The Borrower and the Guarantor hereby notify the Administrative Agent and the Lenders of
their desire to terminate in full the Commitment of Aurora Bank FSB (formerly known as Xxxxxx
Brothers Bank, FSB) (“Aurora Bank”), pursuant to Section 2.7 of the Credit Agreement, but without
a ratable reduction of the Commitments of the other Lenders as required thereunder (the “Aurora
Bank Commitment Termination”). The Administrative Agent and each Lender party hereto consent to
the Aurora Bank Commitment Termination.
The effectiveness of this Consent is subject to the condition precedent that the
Administrative Agent shall have received duly executed counterpart signature pages to this Consent
from the Borrower, the Guarantor and the Required Lenders (including, without limitation, Aurora
Bank). Upon such effectiveness, Aurora Bank shall cease to be a party to the Credit Agreement,
provided that the foregoing shall not discharge or in any manner affect or impair the
enforceability of Section 2.13, 2.14, 2.15, 10.3 or 10.4(h) of the Credit Agreement.

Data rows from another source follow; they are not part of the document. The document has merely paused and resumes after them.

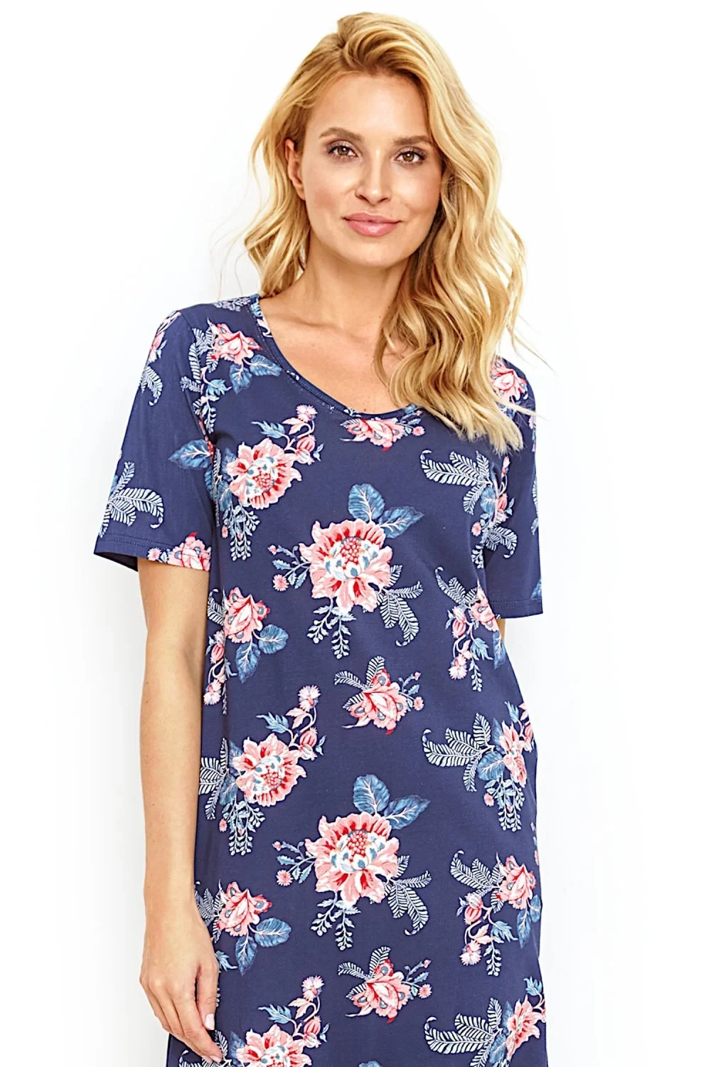 Dámská noční košile 2879 Ellie Taro - je vyrobená z velmi kvalitní bavlny - tmavě modrá barva s potiskem - s krátkými rukávy - délka nad kolenaMateriálové složení: 100% bavlna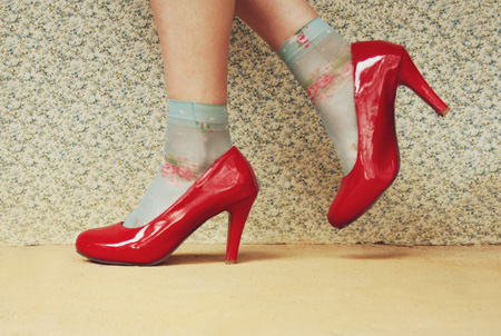 ReplyDeleteAbsolutely LOVE the way you've paired those delicate socks with red pumps. Great look on you!
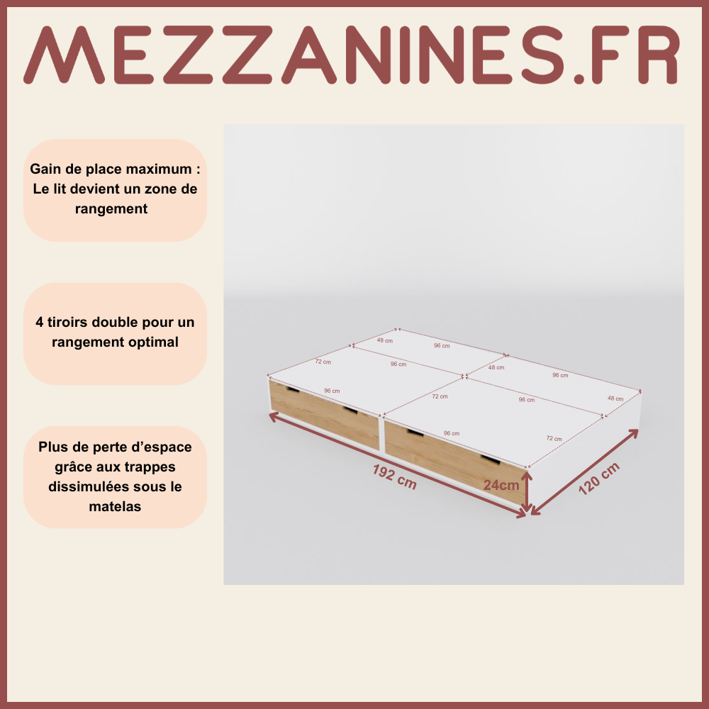 Chacun des blocs qui compose votre lit au sol ajoute du rangement à votre pièce. Prévu pour un couchage en 120×190, vous pouvez l’associer à notre matelas Rubis ou Rueda .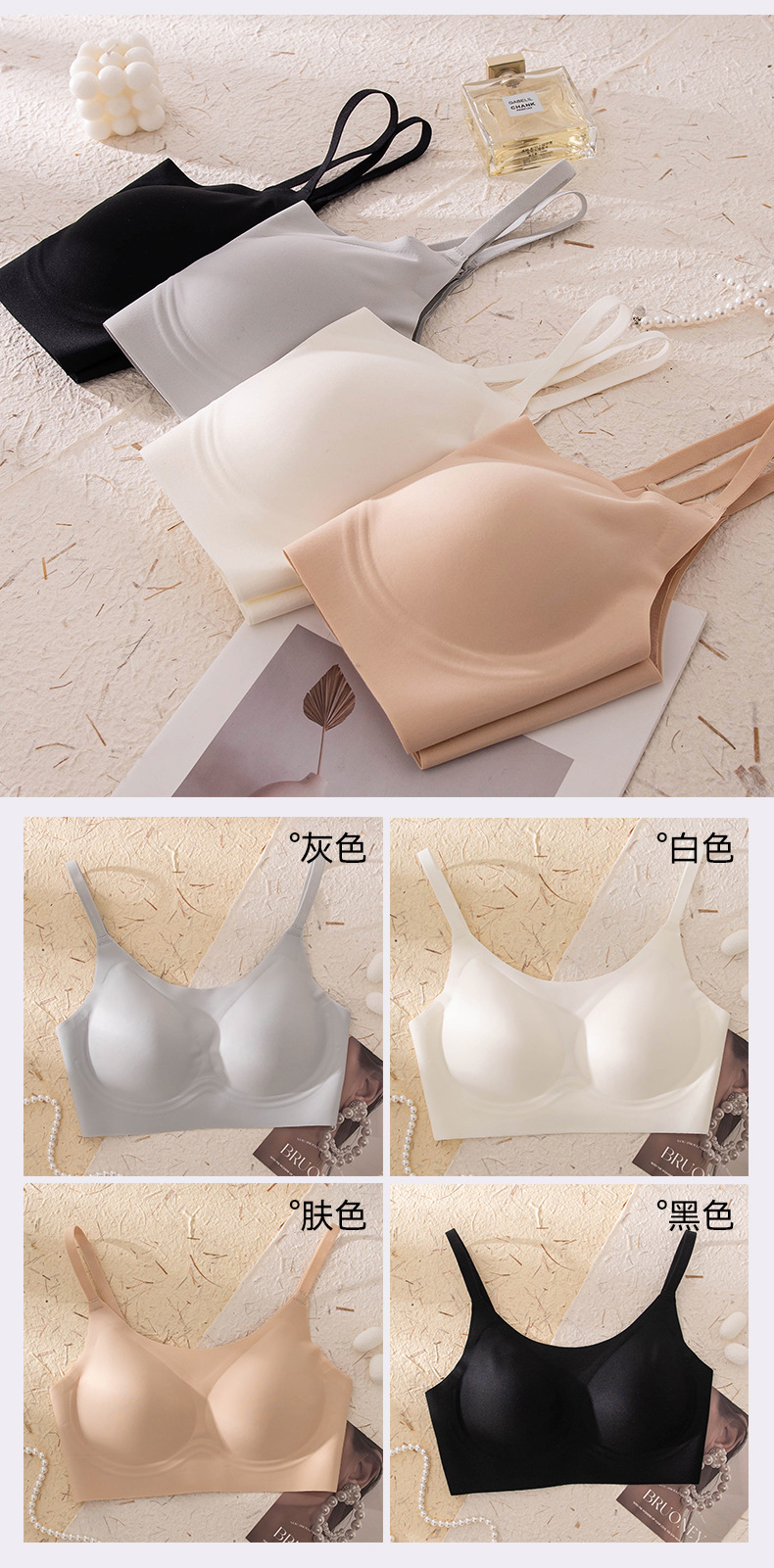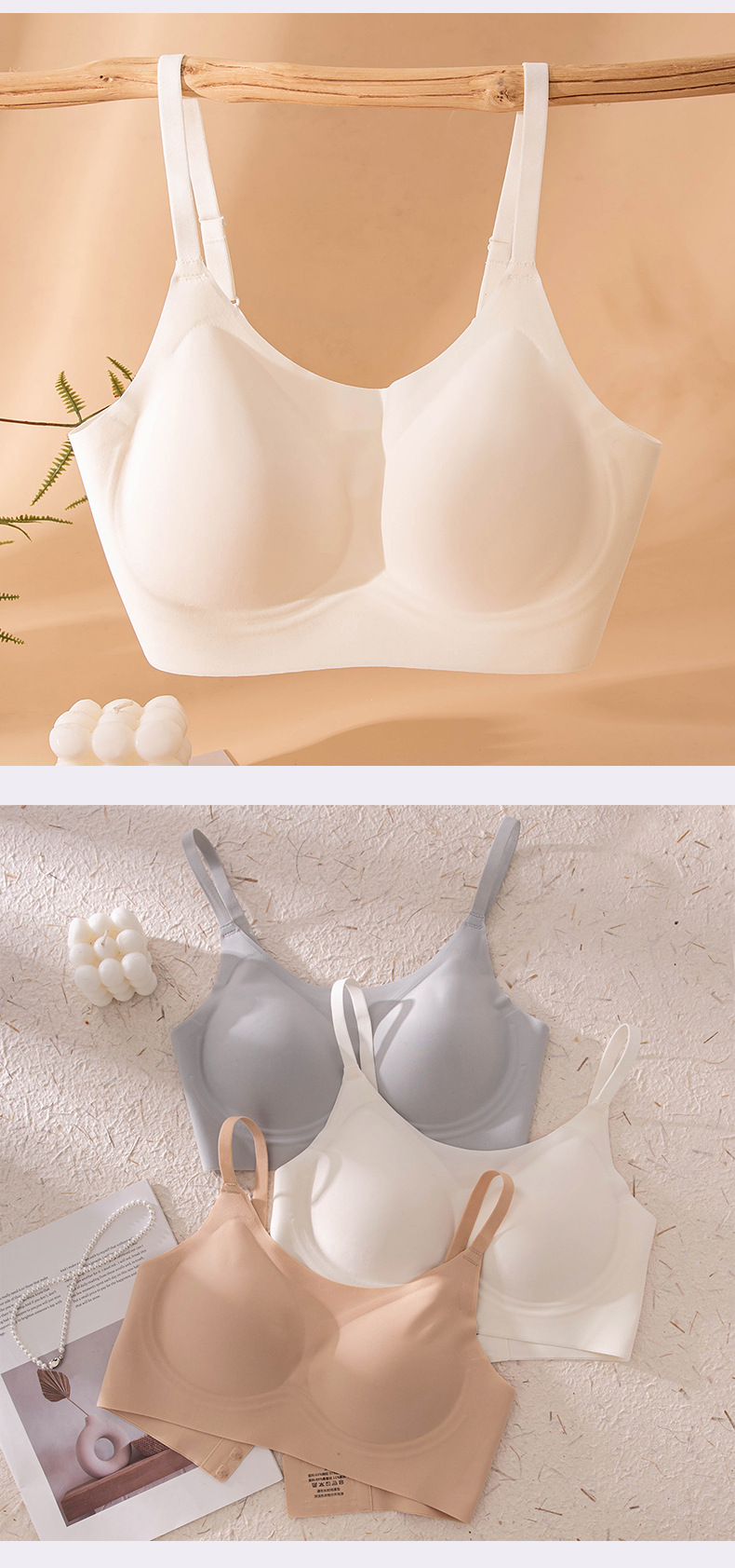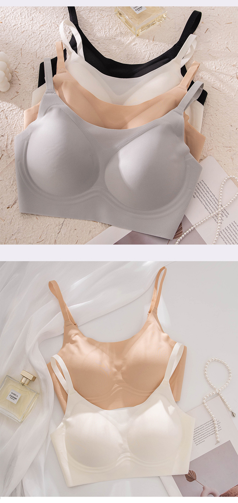 작은 가슴을 가진 여성을 위한 100% 실크 무봉제 속옷, 처짐 방지, 가슴 수축 브라, 여름용 얇은 흰색 T, 비침투성 및 보이지 않음스토어 가기

This Consent shall in no way be deemed to waive, alter or otherwise modify the provisions of
Section 2.10, relating to the payment of facility fees or utilization fees or any other provisions
under the Credit Agreement relating to the payment of any other amounts thereunder, in each case,
on a ratable basis according to the amount of each Lenders’ respective Commitment thereunder, all
of which remain in full force and effect as written; provided that if this Consent becomes
effective on or before January 31, 2010, Aurora Bank waives payment to it of any of such fees
accruing on or after December 31, 2009.
Upon the effectiveness of this Consent, on and after the date hereof, each reference in the
Credit Agreement (including any reference therein to “this Credit Agreement,” “hereunder,”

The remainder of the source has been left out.